YOUR INSTRUCTIONS: For this task, output exactly the lines of the material below starting at the line with "The Spathiphyllum Crown, often" and ending at the line with "事務服 スカート 制服"; pictures are to be excluded.

TASK INPUTS:
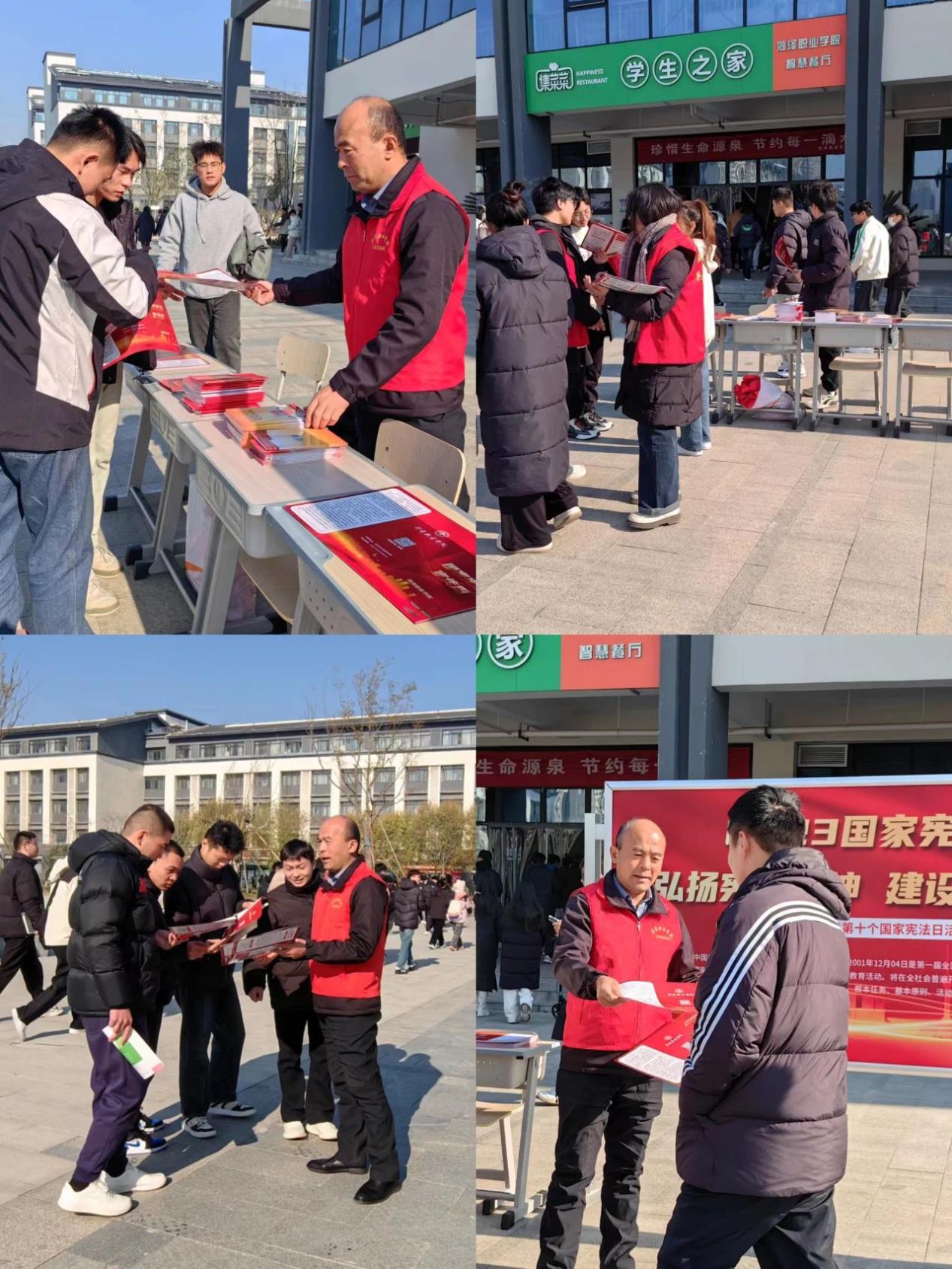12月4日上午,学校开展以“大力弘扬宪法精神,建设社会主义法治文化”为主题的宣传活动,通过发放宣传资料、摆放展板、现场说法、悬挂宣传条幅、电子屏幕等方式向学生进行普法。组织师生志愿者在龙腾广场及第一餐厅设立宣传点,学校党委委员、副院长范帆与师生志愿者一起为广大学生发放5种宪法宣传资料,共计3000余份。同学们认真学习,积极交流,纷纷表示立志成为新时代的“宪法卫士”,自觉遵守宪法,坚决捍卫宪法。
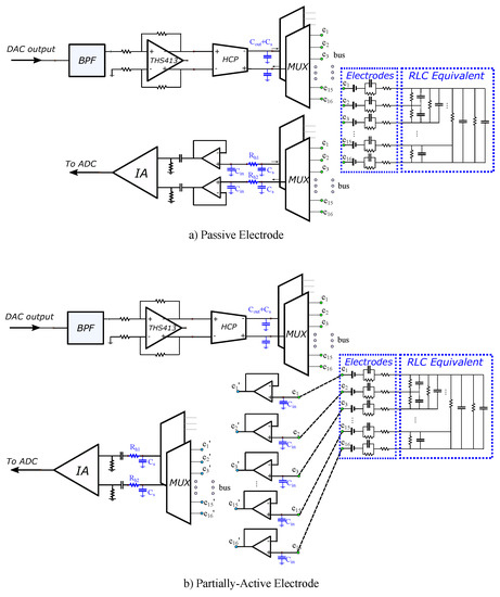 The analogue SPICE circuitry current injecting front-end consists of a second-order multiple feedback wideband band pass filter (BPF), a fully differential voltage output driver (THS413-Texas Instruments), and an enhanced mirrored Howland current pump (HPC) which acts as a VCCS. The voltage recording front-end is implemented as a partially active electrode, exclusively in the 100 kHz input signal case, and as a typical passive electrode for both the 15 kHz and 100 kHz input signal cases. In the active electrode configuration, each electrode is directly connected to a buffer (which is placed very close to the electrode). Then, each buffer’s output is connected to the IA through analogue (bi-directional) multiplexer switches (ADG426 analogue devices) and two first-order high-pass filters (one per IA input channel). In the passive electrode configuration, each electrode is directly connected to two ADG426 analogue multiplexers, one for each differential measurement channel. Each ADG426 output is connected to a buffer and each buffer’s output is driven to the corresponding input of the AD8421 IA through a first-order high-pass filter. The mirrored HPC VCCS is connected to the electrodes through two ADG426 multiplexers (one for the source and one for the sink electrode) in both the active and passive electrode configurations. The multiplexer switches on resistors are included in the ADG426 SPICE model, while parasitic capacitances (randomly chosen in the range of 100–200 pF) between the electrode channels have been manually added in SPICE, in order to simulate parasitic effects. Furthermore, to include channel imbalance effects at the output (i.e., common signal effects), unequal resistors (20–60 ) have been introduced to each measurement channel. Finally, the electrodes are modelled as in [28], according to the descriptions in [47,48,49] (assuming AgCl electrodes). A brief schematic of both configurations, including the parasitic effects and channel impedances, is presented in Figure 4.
--
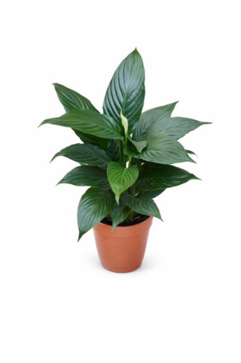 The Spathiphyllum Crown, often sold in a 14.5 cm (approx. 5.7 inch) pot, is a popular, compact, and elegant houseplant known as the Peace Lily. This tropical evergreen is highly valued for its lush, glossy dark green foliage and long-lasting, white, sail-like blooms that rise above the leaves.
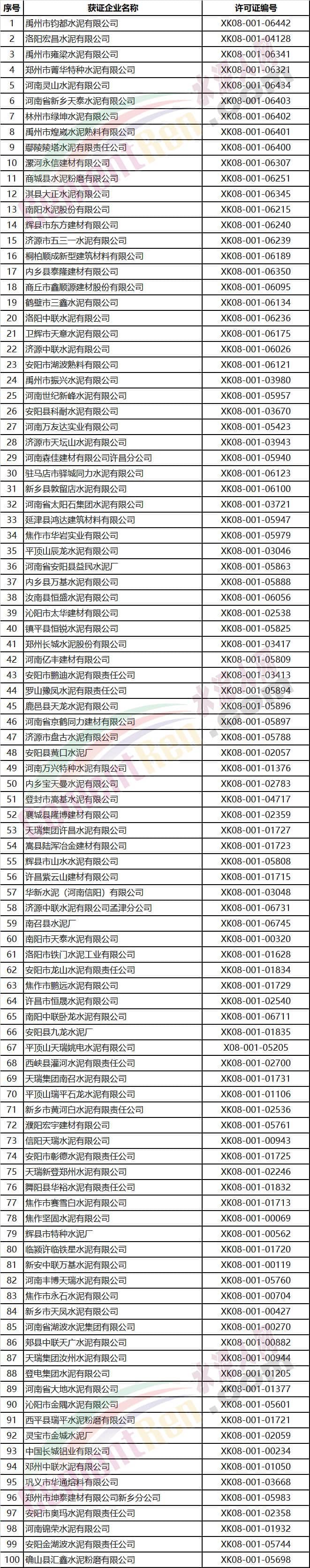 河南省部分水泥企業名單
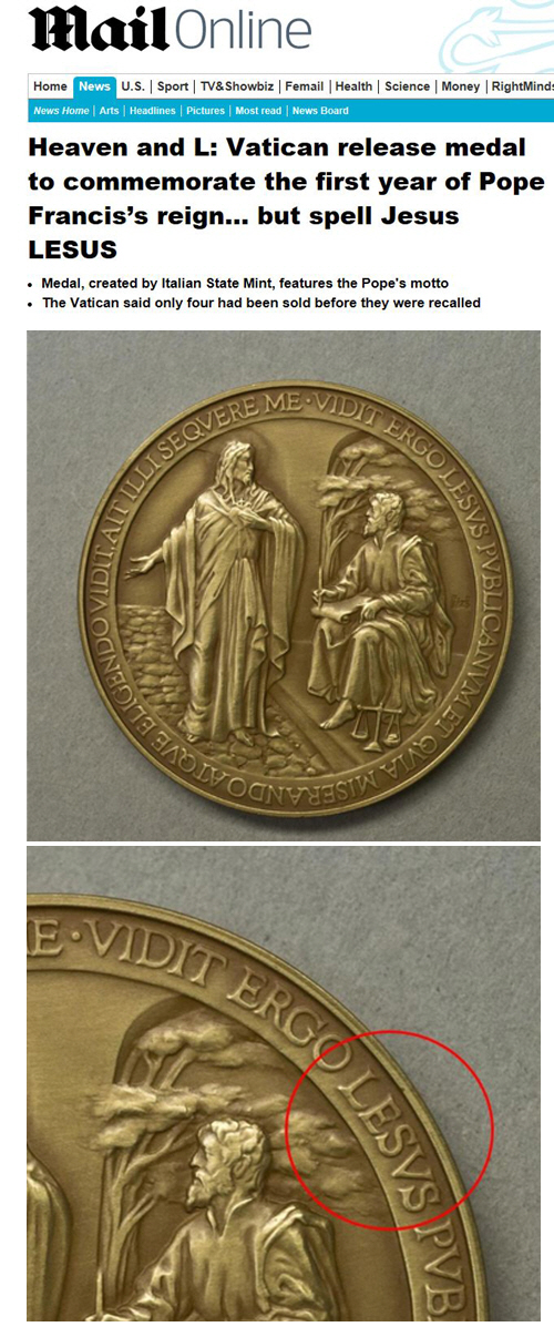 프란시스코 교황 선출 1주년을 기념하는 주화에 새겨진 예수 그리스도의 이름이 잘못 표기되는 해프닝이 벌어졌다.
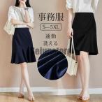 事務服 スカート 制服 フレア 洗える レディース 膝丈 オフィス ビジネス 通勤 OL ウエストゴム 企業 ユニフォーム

TASK OUTPUT:
 The Spathiphyllum Crown, often sold in a 14.5 cm (approx. 5.7 inch) pot, is a popular, compact, and elegant houseplant known as the Peace Lily. This tropical evergreen is highly valued for its lush, glossy dark green foliage and long-lasting, white, sail-like blooms that rise above the leaves.
 河南省部分水泥企業名單
 프란시스코 교황 선출 1주년을 기념하는 주화에 새겨진 예수 그리스도의 이름이 잘못 표기되는 해프닝이 벌어졌다.
 事務服 スカート 制服 フレア 洗える レディース 膝丈 オフィス ビジネス 通勤 OL ウエストゴム 企業 ユニフォーム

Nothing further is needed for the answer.